I believe you are, indeed, being very naive. Are you implying that the right to free speech has anything to do with the privilege of corporate sponsorship? It has nothing do with ‘rights’ but everything to do with power and profit. Jones has enjoyed immense power to influence politicians in this country for decades. That power is based on his perceived ability to sway public opinion as measured by ratings. This is also the basis for his ability to attract massive corporate. sponsorship. Ratings, however, are a relatively restricted measure, since they only tell politicians and advertisers how association with a broadcaster might be judged by those who already count themselves as listeners. We have seen social media spontaneously generate a much broader, intensely focussed form of feedback than has previously been possible. This is itself a manifestation of free speech. I cannot see any reason why you, by contrast, would equate freedom of speech with rights to corporate sponsorship. It seems completely incoherent. The first is democratic right, that no one has tried to take away from Jones, the second is a commercial privilege which thousands of potential consumers have chosen to question. Why on earth should a broadcaster’s access to corporate sponsorhsip be considered more sacrosanct than the right to free speech exercised by consumers in providing feedback to corporate sponsors? You have completely missed what is at stake here.The real conflict here is between the monological power of broadcasting announcers and the spontaneous and uncontrollable feedback allowed by the internet. Free speech in action, not a threat to it.
Dear Bill,
The article raises 2 concerns re campaigns against Jones. On both counts, however, I recognise that the protagonists have rights to run their campaigns (eg petition to try to shut him down + boycotting sponsors). They are of course free to do this. What I am doing is questioning the desirability of doing so for 2 reasons.
1. Whether it really is a good thing for there to be a default response of “we are outraged. shut him down” as opposed to “he is outrageous. Stop listening because of that”. I feel this sort of campaign, if it is successful (which is unlikely for reasons given in the blogpost), could backfire as it could become the default reaction to speech people find very offensive. As an avid user of social media, I can assure you there are all sorts of complaints of offensive stuff out there (sometimes in circumstances where I don’t personally find the thing being complained about offensive). Again, people can run whatever campaigns they like (they have a right to do so) – that doesn’t mean the campaign is a good idea. Online Opinion, a much much smaller fish than Jones, was the subject of a campaign against its sponsors and nearly had to shut down.

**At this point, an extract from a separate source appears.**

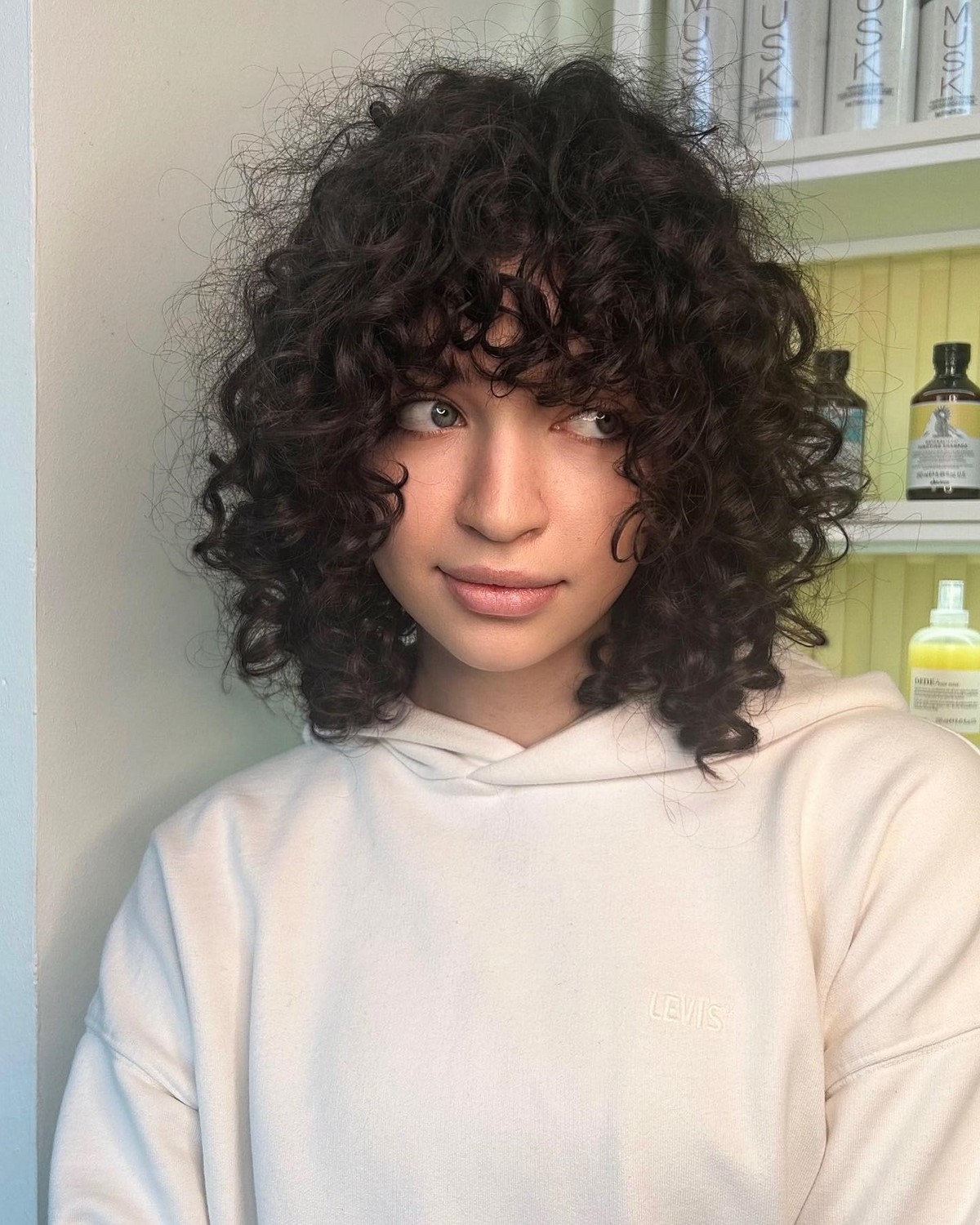 Короткие варианты челки в тандеме с кудрями придутся по вкусу не каждой кудряшке, но такие вариации тоже имеют место быть.

I don’t know the exact details but I think it concerned a post which was against same sex marriage. OO publishes pieces across the spectrum of opinion, so I found that campaign quite serious. While Jones may be a deserving target, not everyone will be. I do not know if that campaign was run on social media or some other way – the medium is irrelevant except that these days, the easiest way of running such a campaign is social media (and probably the only way of remotely threatening the position of someone like Jones).

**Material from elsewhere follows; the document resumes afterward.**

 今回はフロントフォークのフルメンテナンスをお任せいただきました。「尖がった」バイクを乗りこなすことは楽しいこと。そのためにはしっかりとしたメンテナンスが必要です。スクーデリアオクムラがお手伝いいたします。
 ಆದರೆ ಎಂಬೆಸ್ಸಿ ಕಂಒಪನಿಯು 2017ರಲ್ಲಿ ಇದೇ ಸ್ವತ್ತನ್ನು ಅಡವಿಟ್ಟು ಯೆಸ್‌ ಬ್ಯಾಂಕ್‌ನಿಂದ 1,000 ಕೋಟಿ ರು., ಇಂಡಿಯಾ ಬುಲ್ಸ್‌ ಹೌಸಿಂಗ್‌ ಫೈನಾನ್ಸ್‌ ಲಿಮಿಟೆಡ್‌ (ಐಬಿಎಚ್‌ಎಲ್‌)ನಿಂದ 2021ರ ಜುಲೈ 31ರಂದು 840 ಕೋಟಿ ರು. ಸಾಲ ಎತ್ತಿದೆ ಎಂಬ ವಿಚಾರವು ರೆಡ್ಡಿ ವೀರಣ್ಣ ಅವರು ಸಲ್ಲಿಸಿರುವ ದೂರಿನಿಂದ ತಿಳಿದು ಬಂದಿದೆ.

2. My concern re the sponsors is different. I don’t care if people boycott them – again people can do what they like. There are a few companies I don’t buy off for various reasons. Whatever.

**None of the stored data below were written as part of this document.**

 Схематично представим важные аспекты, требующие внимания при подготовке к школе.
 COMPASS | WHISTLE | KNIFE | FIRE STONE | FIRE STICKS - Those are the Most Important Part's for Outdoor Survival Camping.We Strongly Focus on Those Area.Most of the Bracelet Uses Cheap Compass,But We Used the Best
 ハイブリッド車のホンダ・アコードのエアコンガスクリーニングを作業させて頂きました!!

Corporate advertisers do have enormous censoring power, which I presume they use a lot. I first thought about this in the 90s when there was a story about Chrysler threatening to pull advertising from some magazine coz the latter published a pro-gay story (can’t remember of what sort). Personally, I find that disturbing. I was reminded of it when Todd made his comment on Gruen Planet. Maybe such power is inevitable and cannot be stopped, which means that social media campaigns of this sort are good coz they add citizen input into these decisions (as I say in the last para). But, as I also say, maybe social media (a relatively new player) could provide a space to put pressure on companies to cease this practice. Pie in the sky and naive maybe, … but just making a point.